The Bangko Sentral ng Pilipinas (BSP) delivered a widely anticipated interest rate cut at its final policy meeting of the year, lowering the benchmark rate to 4.5%—its lowest level in three years.
The Monetary Board reduced the rate by 25 basis points on December 11, matching forecasts from all but one of 27 economists in a Reuters poll.
The cut, earlier signaled by BSP Governor Eli Remolona, comes as a corruption scandal involving infrastructure projects weighs heavily on the economic outlook. The controversy has implicated public works officials, senators, and lawmakers, triggering protests and slowing infrastructure spending.

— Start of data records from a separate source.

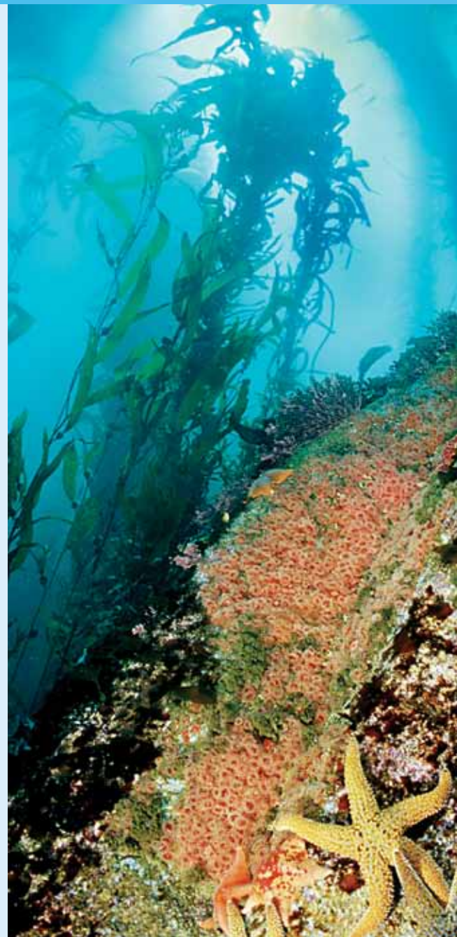
PACIFIC ECOSYSTEM. An ochre sea star make a kelp forest home in Monterey Bay, California.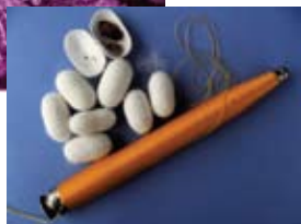
Top: Inexpensive American silk imitation circa 1900 Jacquard; Above: Cocoon to thread for industrial looms.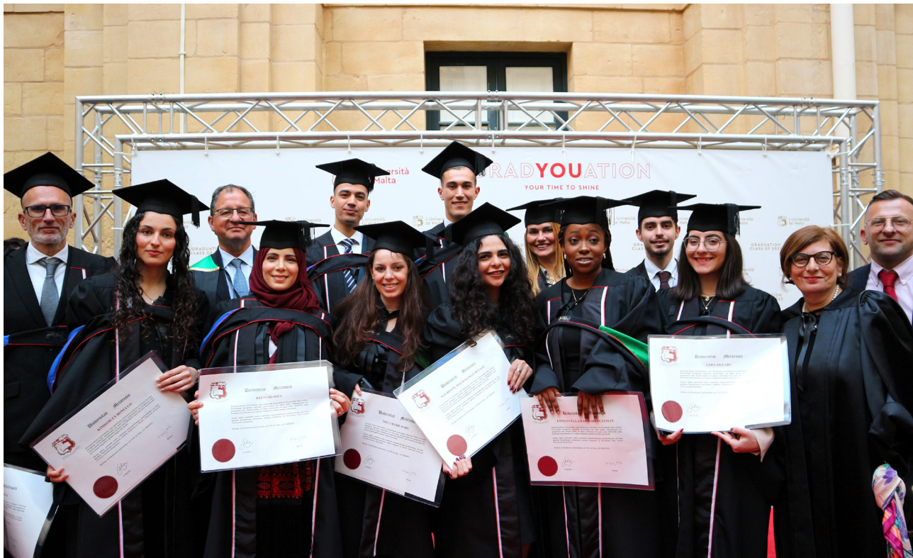
MEDAC Class 2022-2023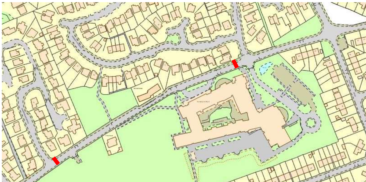
Extent of Restriction

Diversion: Church Street-Cemetery Road- Tranent Mains Road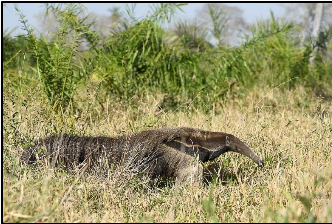
Piuval Lodge is a great place to see Giant Anteater.

In addition to birds, many mammal species call the Pantanal home. It is perhaps South America's greatest wildlife refuge, and we should enjoy daily sightings of Capybara (the largest rodent in the world), primates such as Black-tailed Marmoset , Bearded Capuchin and Black-and-gold Howler Monkeys . With luck, we might encounter Marsh Deer , Crab-eating Raccoon , South American Coati , Yellow Armadillo , Lowland (Brazilian) Tapir and Giant Anteater .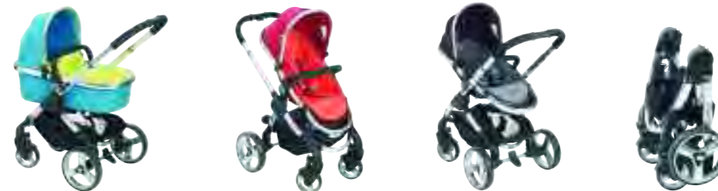
Single modes - from left to right; 1. Carrycot 2. Forward facing seat unit 3. Rearward facing seat unit 4. Folded chassis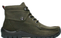
04725 Jump Winter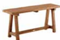
LUCAS BENCH 9222D - L100 D26 H45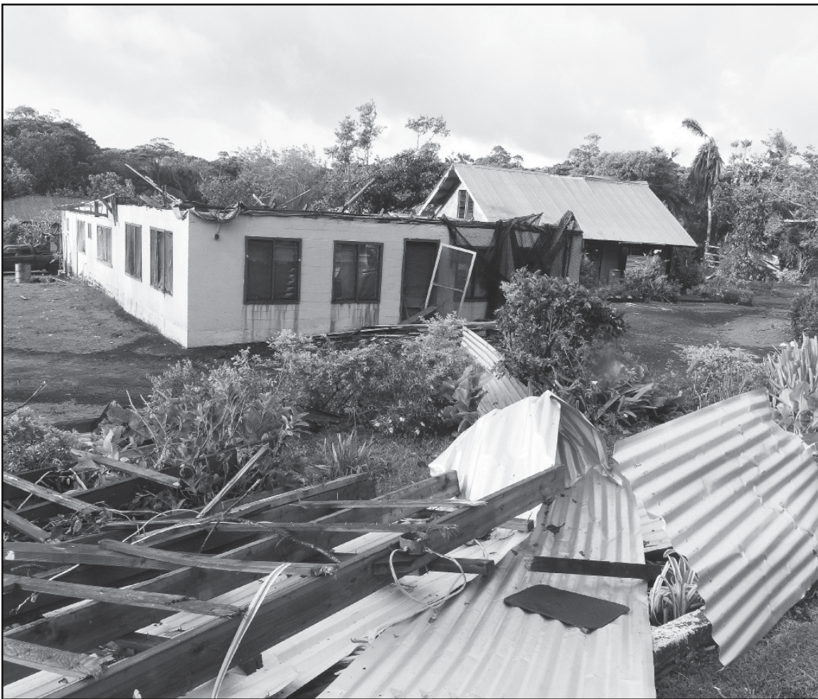
This family home in Nu'uuli had its roof ripped off by strong winds from Tropical Storm Gita last Friday.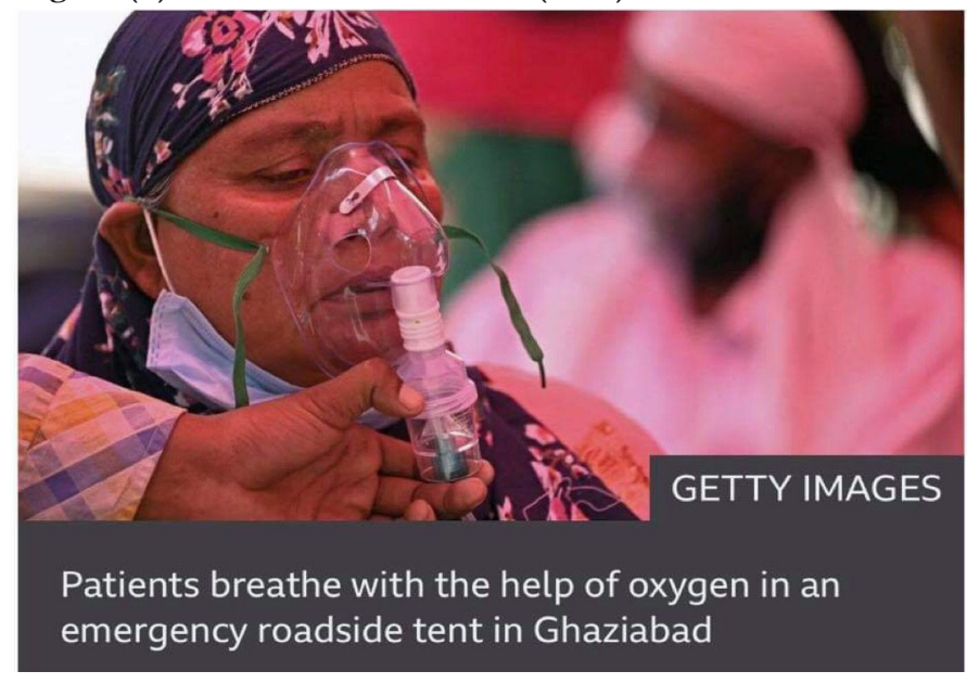
Figure (7): a picture showing how people are suffering and trying to get medical service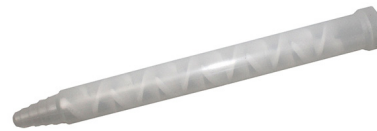
Mixer for 225/2K 13x18, for 490 ml cartridges 1212225.901

Remolona said the easing move was intended to cushion the economy amid weakened government spending and declining business confidence.
“The cut will revive economic activity a bit at a time when painful governance issues around infrastructure investments have weakened government spending, business confidence and domestic demand,” he said, adding that while the rate cut would not resolve the scandal, it could help “compensate” for its negative impact on investor sentiment.

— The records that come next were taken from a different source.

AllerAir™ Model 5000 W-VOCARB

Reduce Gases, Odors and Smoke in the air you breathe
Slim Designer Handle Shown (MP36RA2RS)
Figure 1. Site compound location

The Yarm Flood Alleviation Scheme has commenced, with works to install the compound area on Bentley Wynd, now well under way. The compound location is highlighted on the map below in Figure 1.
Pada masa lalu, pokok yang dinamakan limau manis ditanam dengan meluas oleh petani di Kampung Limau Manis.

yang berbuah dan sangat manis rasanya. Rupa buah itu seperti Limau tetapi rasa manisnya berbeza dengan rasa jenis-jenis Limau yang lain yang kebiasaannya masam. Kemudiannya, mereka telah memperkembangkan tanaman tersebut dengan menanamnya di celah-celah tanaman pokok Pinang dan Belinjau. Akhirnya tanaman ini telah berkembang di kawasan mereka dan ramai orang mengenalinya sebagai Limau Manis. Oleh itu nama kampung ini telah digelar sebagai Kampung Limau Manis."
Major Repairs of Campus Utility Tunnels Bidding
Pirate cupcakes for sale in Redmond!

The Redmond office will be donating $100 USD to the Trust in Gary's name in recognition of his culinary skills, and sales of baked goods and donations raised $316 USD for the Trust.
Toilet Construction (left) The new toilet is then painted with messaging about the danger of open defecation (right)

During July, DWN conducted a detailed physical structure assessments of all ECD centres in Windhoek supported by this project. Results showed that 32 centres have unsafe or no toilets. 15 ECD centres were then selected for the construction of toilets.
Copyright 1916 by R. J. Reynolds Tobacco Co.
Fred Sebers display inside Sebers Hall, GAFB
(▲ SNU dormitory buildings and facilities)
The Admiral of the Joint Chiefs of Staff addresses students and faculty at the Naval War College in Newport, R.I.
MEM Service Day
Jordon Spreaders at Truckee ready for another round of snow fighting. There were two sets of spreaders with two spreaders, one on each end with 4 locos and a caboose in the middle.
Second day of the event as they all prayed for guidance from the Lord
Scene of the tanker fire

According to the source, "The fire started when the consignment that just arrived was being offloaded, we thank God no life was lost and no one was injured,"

With inflation subdued—averaging 1.6% in 2025, below the 2% to 4% target—the BSP said growth risks now outweigh price concerns. Inflation is projected to climb to 3.2% in 2026 before easing slightly to 3.0% in 2027.

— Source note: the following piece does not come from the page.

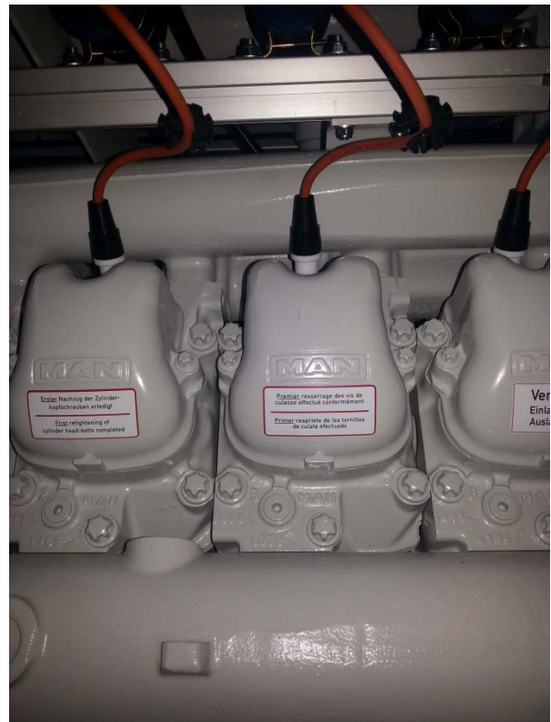
Figure 1: MAN Motor

The old MAN engines require a torque of 80 Nm – 100 Nm + 90° + 90° + after 1000 km 90°, in several steps. The new engines require a torque of 300 Nm + 90° + 90° + 90°.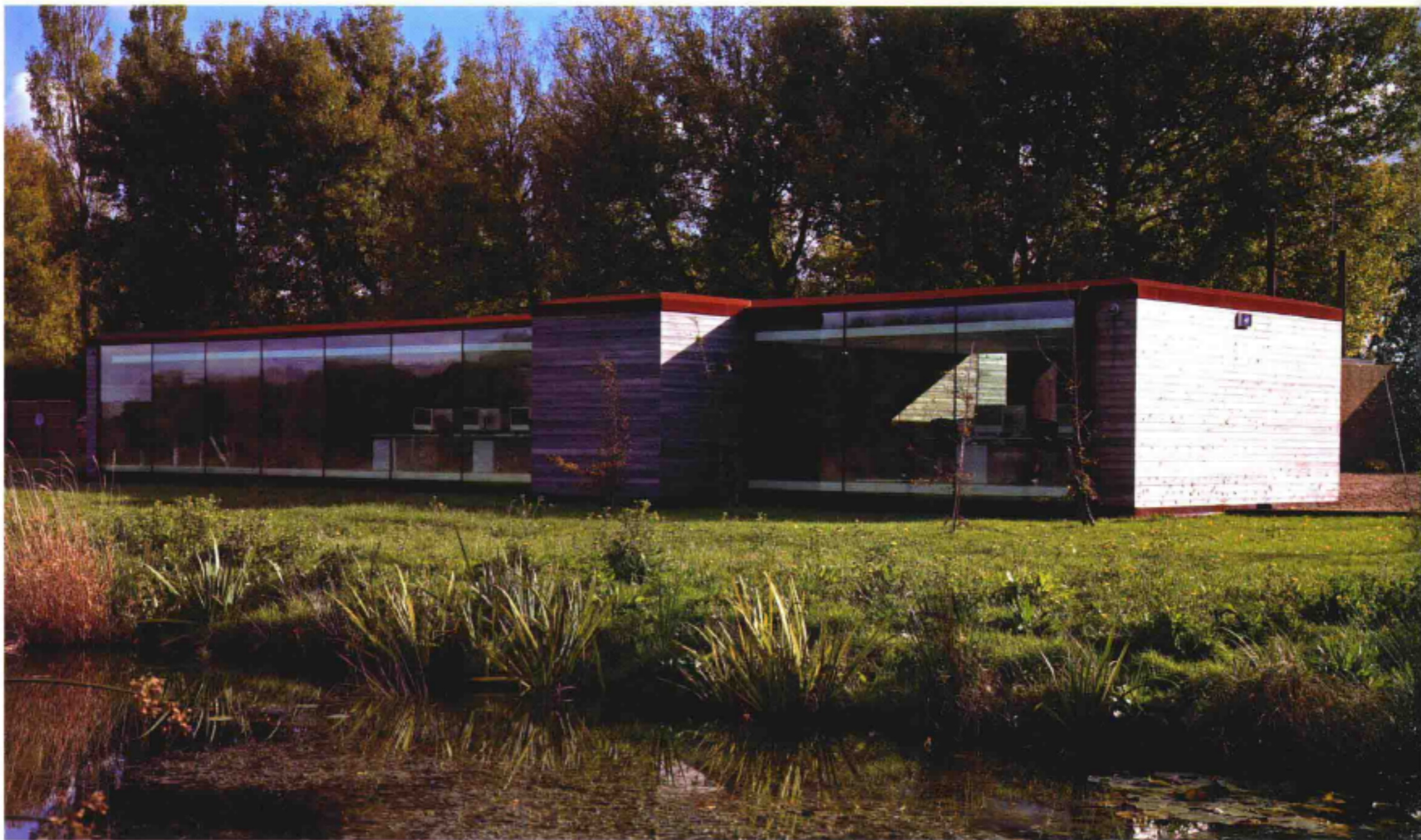
In the daylight 日光下的建筑

Research firm Capital Economics echoed the need for stimulus, noting, “The economy is certainly in need of some support… We are still expecting two further 25 bps cuts” for 2026.
The BSP has now cut rates by a total of 200 basis points in the current easing cycle. Remolona remains confident the accommodative stance will bolster recovery in the coming year, though he acknowledged growth this year likely slowed to between 4% and 5%—well below the government’s 5.5% to 6.5% target and last year’s 5.6% expansion.